=== Brief ===
The reply should contain only the lines from the start of the records through the line with "フィルム施工に古くから使われているスタンダードタイプのスキージです。 | 持ち手部分が木製で、6mmと9mmの厚みがあります。", reproduced verbatim and without pictures.

(Data excerpts)
********

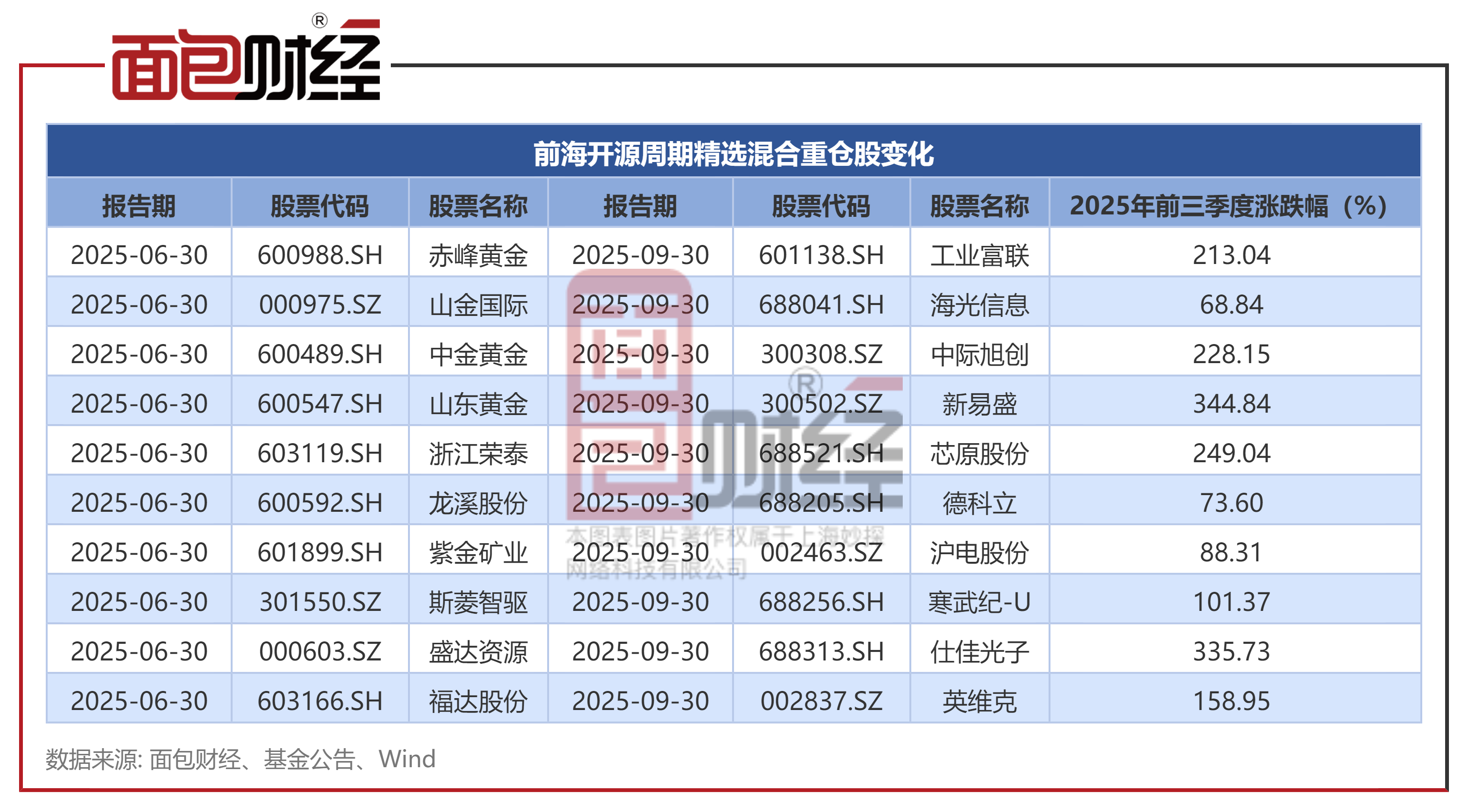 同时,该基金在三季度大幅调仓,前十大重仓股大变脸,减持黄金资源股,转向重点配置算力相关方向的通信、电子和机械等成长板块。
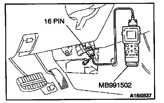 1. Connect scan tool MB991502 to the data link connector (16- pin).
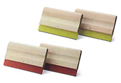 | 薄くて幅の広いカードタイプのヘラ。サイドウィンドウ、水切りゴム部分の施工に最適です。 | フィルム施工に古くから使われているスタンダードタイプのスキージです。 | 持ち手部分が木製で、6mmと9mmの厚みがあります。 |
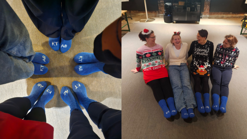 Idag var det äntligen dags att dela ut gåvorna. Stämningen var varm och hjärtlig när kollegorna fick sina sockor. Skratt, glada kommentarer och spontana provningar fyllde rummet. Vi avslutade med en gemensam bild – många fötter i färgglada yllesockor, ett motiv som säger allt om gemenskap och julglädje.
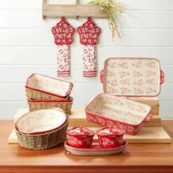 Coordinate your kitchen with temp-tations® Floral Lace Bakeware. The collection includes the 6-Pc. Soup and Sandwich Set and the Baker & Lid-It. Use lid as an extra baker or trivet. Also included are the 3-Qt. Baker with Basket, the Set of 2 Loaf Pans with Baskets, and the 4-Pc. Oven Mitt and Towel Set. 4-Pc. Oven Mitt and Towel Set Set includes:2 Oven mitts, 9″W x 9″L, each2 Towels, 5-1/2″W x 21″H, eachCotton and polyester Machine care3-Qt. Baker with Basket Baker, 3 qt., 13-1/2″W x 9-3/4″D x 3-1/2″H Basket, 14″W x 10-14″D x 3-1/2″HStoneware and banana grass Dishwasher, microwave, freezer, and oven safe 6-Pc. Soup & Sandwich Set Set includes:2 Trays, 12-1/2″W x 7″D x 1″H, each2 Crocks, 6-3/4″W x 5-3/4″ dia. x 3″H2 Lids, 5″ dia. x 1-1/2″HStoneware Dishwasher, microwave, freezer, and oven safe 13″ x 9″ Baker & Lid-It Baker, 15-1/2″W x 9-1/2″D x 3-1/4″HLid-It, 15-1/2″W x 9-1/2″D x 1-1/4″H Stoneware Dishwasher, microwave, freezer, and oven safeSet of 2 Loaf Pans with Baskets Set includes:2 Loaf pans, 1-3/4 Qt., 11-1/2″W x 6″D x 3-1/4″H, each;2 Baskets, 11″W x 7″D x 3-1/4″H, each Stoneware and banana grass Dishwasher, microwave, freezer, and oven safe
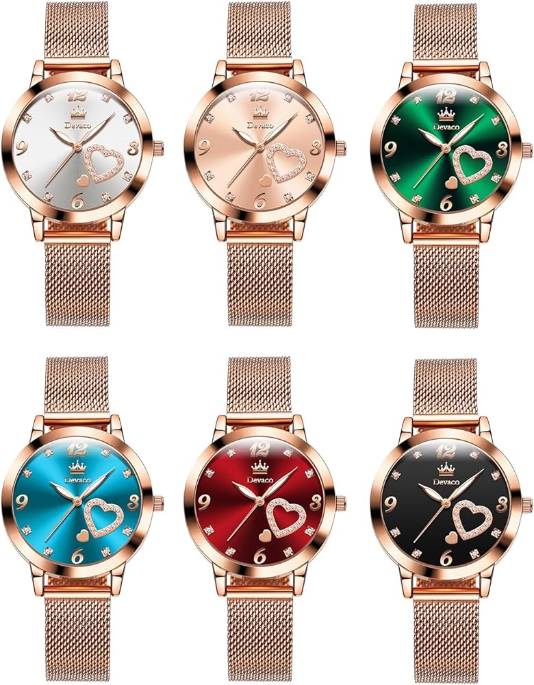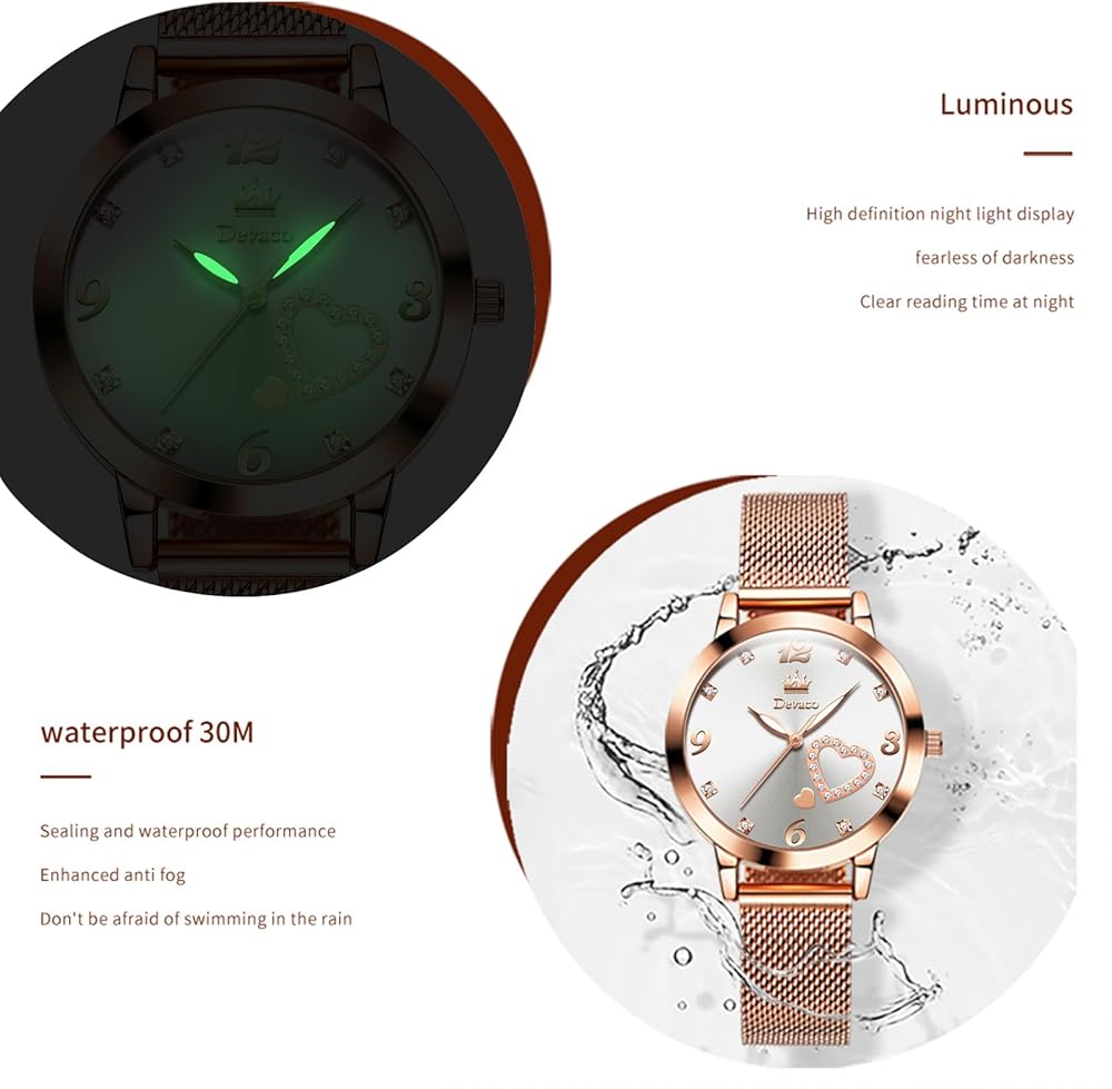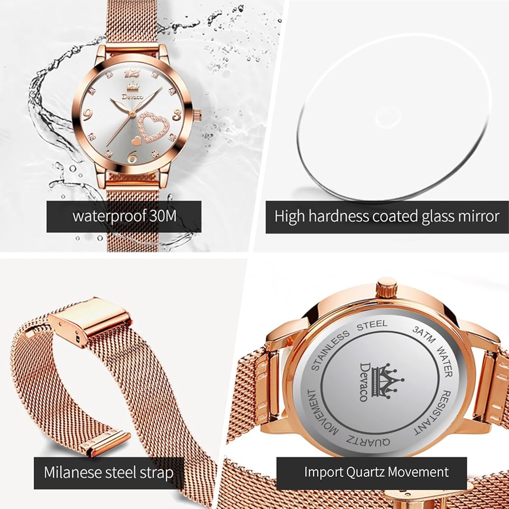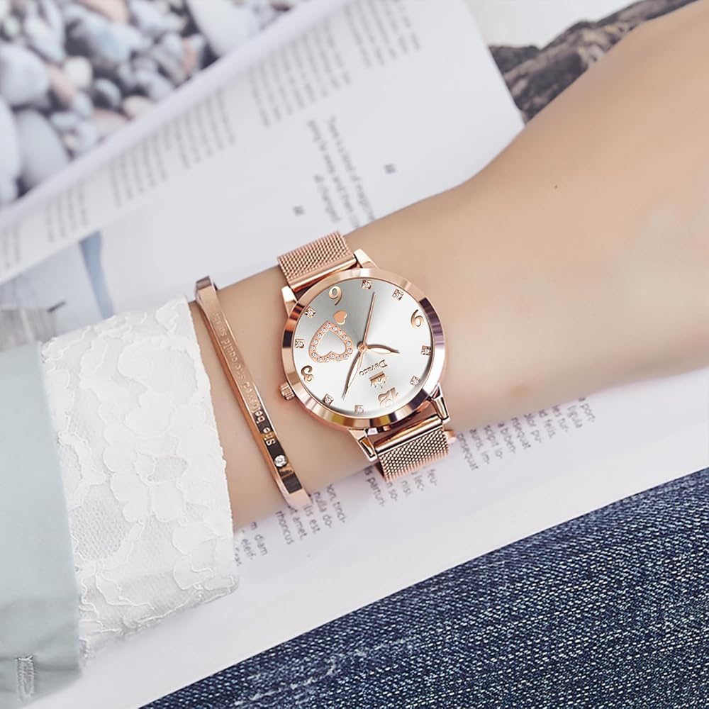 💗 【هدية مثالية للنساء】 تعتبر مجموعة الساعات النسائية باللون الذهبي الوردي مع أساور العلامة التجارية الهدية المثالية لكل امرأة رائعة ومناسبات لا تُنسى مثل عيد الحب أو عيد الميلاد أو عيد الميلاد. هذه الساعة مثالية للارتداء اليومي، وتضيف رومانسية غير عادية إلى كل يوم.

********

=== Completed task ===
 同时,该基金在三季度大幅调仓,前十大重仓股大变脸,减持黄金资源股,转向重点配置算力相关方向的通信、电子和机械等成长板块。
 1. Connect scan tool MB991502 to the data link connector (16- pin).
 | 薄くて幅の広いカードタイプのヘラ。サイドウィンドウ、水切りゴム部分の施工に最適です。 | フィルム施工に古くから使われているスタンダードタイプのスキージです。 | 持ち手部分が木製で、6mmと9mmの厚みがあります。 |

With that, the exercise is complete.